Collected data entries:
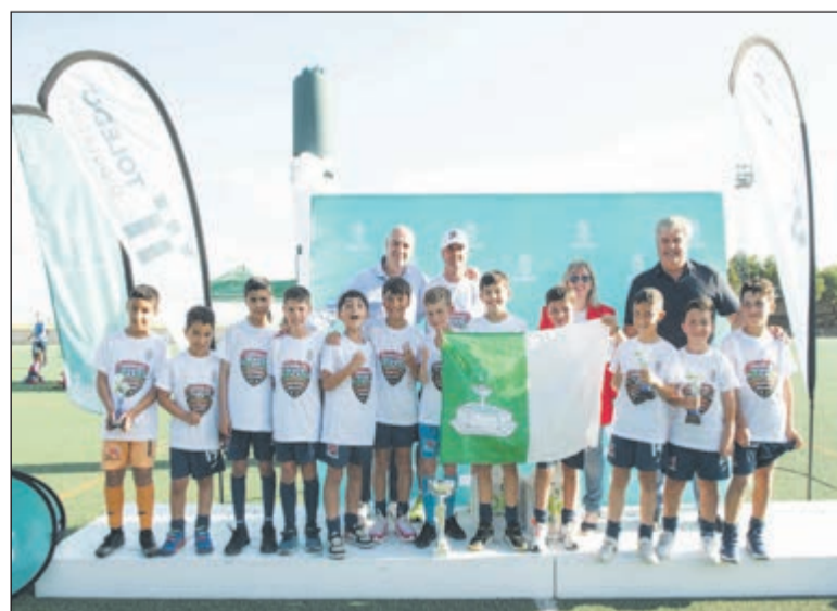
Fuensalida volvió a ser el centro futbolístico de la comarca.

La cita deportiva volvió a poner de relieve el trabajo de la Escuela Municipal de Fútbol y la implicación de jugadores, entrenadores y familias, y que ya en el anterior Torneo de Fútbol de Semana Santa llegó a reunir a cerca de 200 jóvenes deportistas en una jornada.
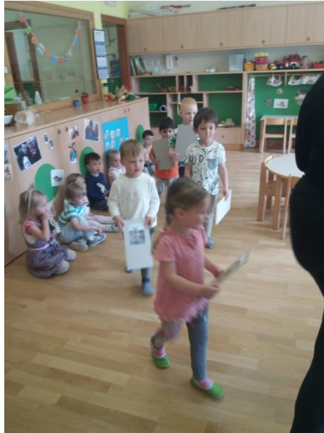
Slika 16: Igra Potujemo po Sloveniji in kdo gre z nami
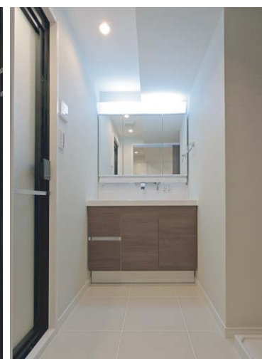
洗面所内装床タイル
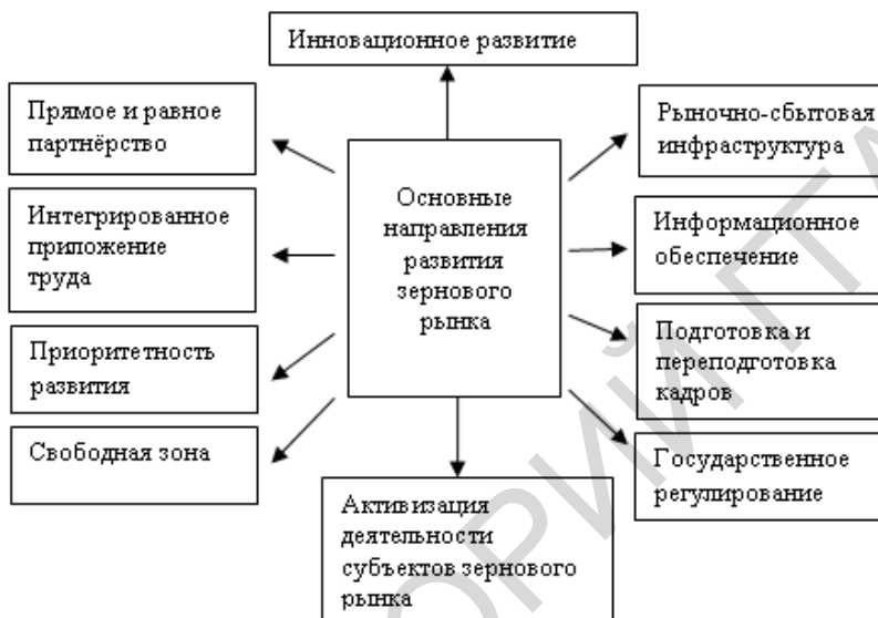
Рисунок 2 – Основные направления развития зернового рынка

стной системы. В этом плане можно выделить следующие направления (рисунок 2):
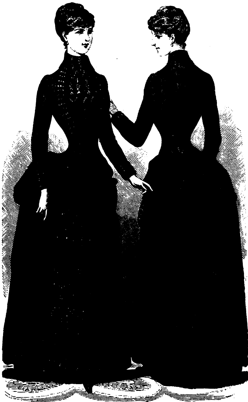
MODE. — TOILETTE DE FAILLE (DEVANT ET DOS)
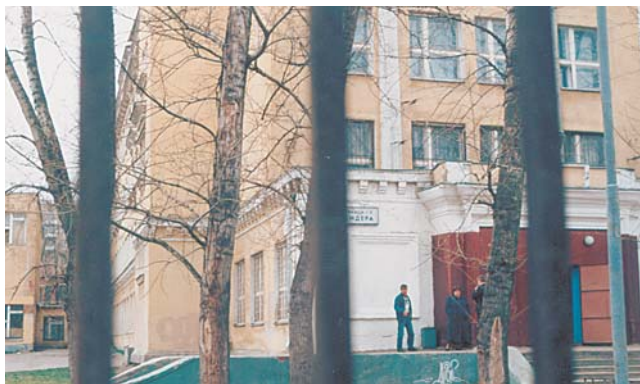
Эту школу №271 «взрывали» 6 раз

Полтора года назад милиция уже поймала двоих ребят, которые пугали школу № 271 на улице Цандера, 3, угрозой взрыва. Их родителям пришлось платить по 16 000 рублей штрафа. Потом в этой школе наступило затишье. Но утром 19 марта в милицию снова позвонили с сообщением о взрывном устройстве в школе № 271. В 8.45 съехали экстренные службы: пожарные, милиция, ГОЧС, «скорая помощь» и кинолог с собакой. Пока собака обнюхивала помещения, дети ждали на улице, а учителя строили предположения, кто мог так пошутить. А потом посыпались новые угрозы. 6, 7, 13, 14 и 15 апреля милиционеры, спасатели, врачи и пожарные вновь встречались у дома № 3 и искали бомбу. Один из звонивших даже проявил фантазию — сообщил милиционерам, что в школе засели террористы. Первого шутника милиция вычислила 14 апреля по горячим следам. Следователь установил владельца аппарата, с которого звонили, нашлись свидетели, и 15-летнего
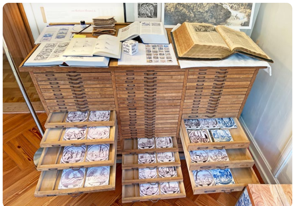
Bibelfliesen-Schubladenschrank im Reigoldswiler Pfarrhaus

Mehr Infos und Führungs-Anfragen: Dorothee Löhrl: pfarramt@reigoldswil.ch
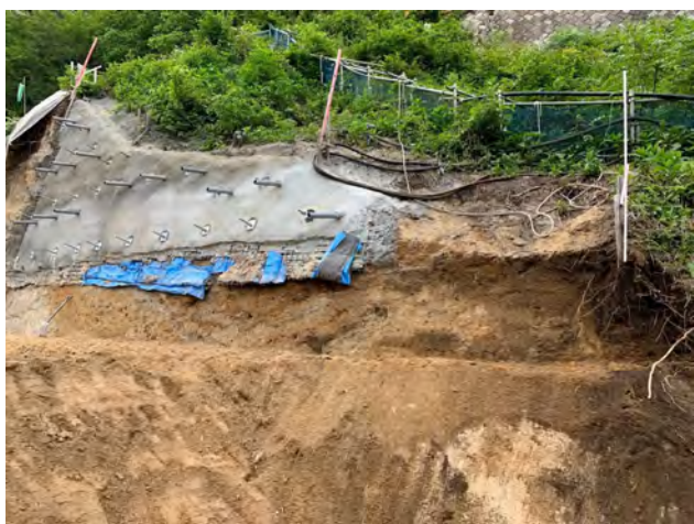
進入路(終点側) 令和4年5月30日
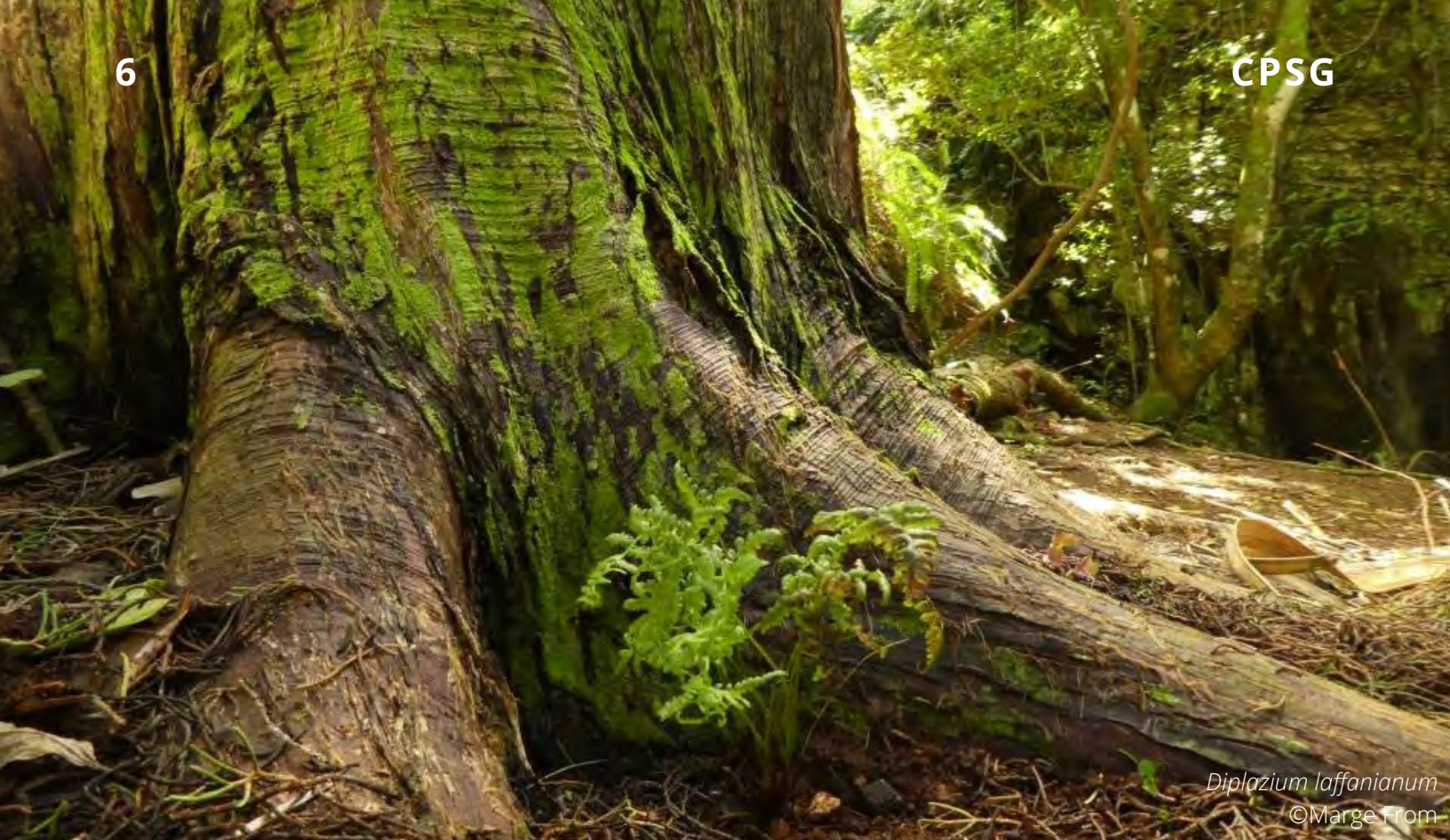
Diplazium laffanum
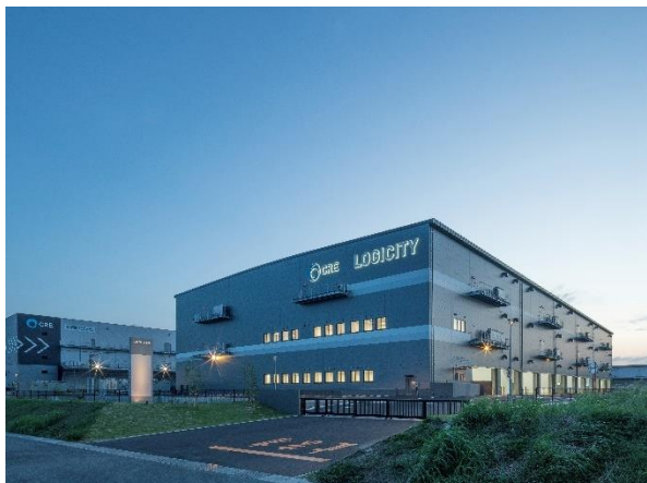
ロジシティ小郡 全景（夕景）
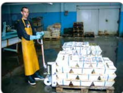
Inox - waar roestbestendigheid primeert.
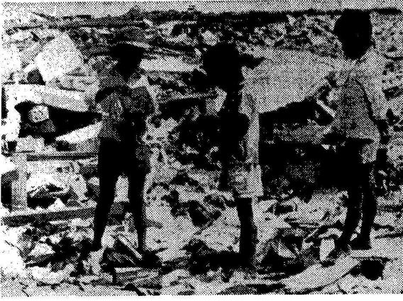
AMERİKAN UÇAKLARININ HEDEFLERİNDEN BİRİ OKULLAR VE ÇOCUKLARDI
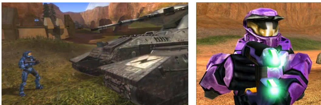
Figure 3 – Dans Red Vs. Blue , les éléments originaux du jeu et les gestes ludiques sont considérablement resémantisés

Pour illustrer la portée critique de cette resémantisation de la pratique vidéoludique, attardons-nous sur un extrait du deuxième épisode de la série 19 , dans lequel l'équipe des rouges reçoit un nouveau véhicule de combat portant le nom de « Warthog ». Dès l'arrivée du véhicule (01:09) 20 et durant tout le reste de l'épisode, celui-ci ne sera pas utilisé par les protagonistes mais deviendra l'objet de tous les regards. La mise en scène du Warthog y est très cinématographique : la « caméra » (qui, notons-le, est performée par un joueur) zoome sur ses attributs et tourne autour de l'engin pour le mettre en valeur comme s'il s'agissait d'une publicité (01:22). La fonction initiale du véhicule, à savoir le combat, passe ici à la trappe au profit d'une interminable discussion sur le choix de son nom. Or cette tergiversation fonctionne comme une totale négation de l'action, donc comme une subversion de la dimension militaire qui est pourtant centrale dans les jeux Halo . L'humour de l'épisode est presque intégralement construit sur ce simple transfert d'un élément depuis un contexte ludique où règne le combat vers un support non interactif (la vidéo), statique, et qui ne cesse de mettre en scène sa staticité (dans cet épisode comme dans bien d'autres, il ne se passe presque rien). Le dispositif produit ce que Genette (1982 : 532) décrit comme un « comique hypertextuel », à savoir un comique provenant essentiellement du fait que le machinima est subordonné à un hypotexte.
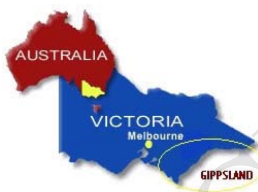
图 吉普斯兰位置示意图

吉普斯兰位于澳大利亚维多利亚州东南部，其最西端距墨尔本中央商务区约 90 公里，面积 41,556 平方公里(国土面积的 0.5%)。吉普斯兰是经济发达的农村区域，盛产牛奶及奶制品、优质牛肉和蔬菜。区域内有超过 6,500 个农场，其中约 2,000 个为奶牛农场。吉普斯兰出产全澳大利亚 20%的牛奶，50%的山羊奶，乳业占吉普斯兰农业总产值的一半。
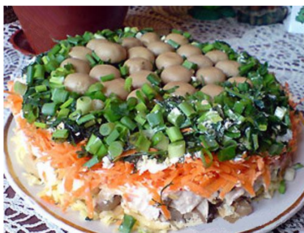
55. "Торт" из салата Оливье или горячего картофельного пюре, украшенный зеленью и маленькими шляпками грибов.

- **Task objective**
Return the number of lines in the data above that include the word "школу", and nothing else.

- **Answer to the problem**
2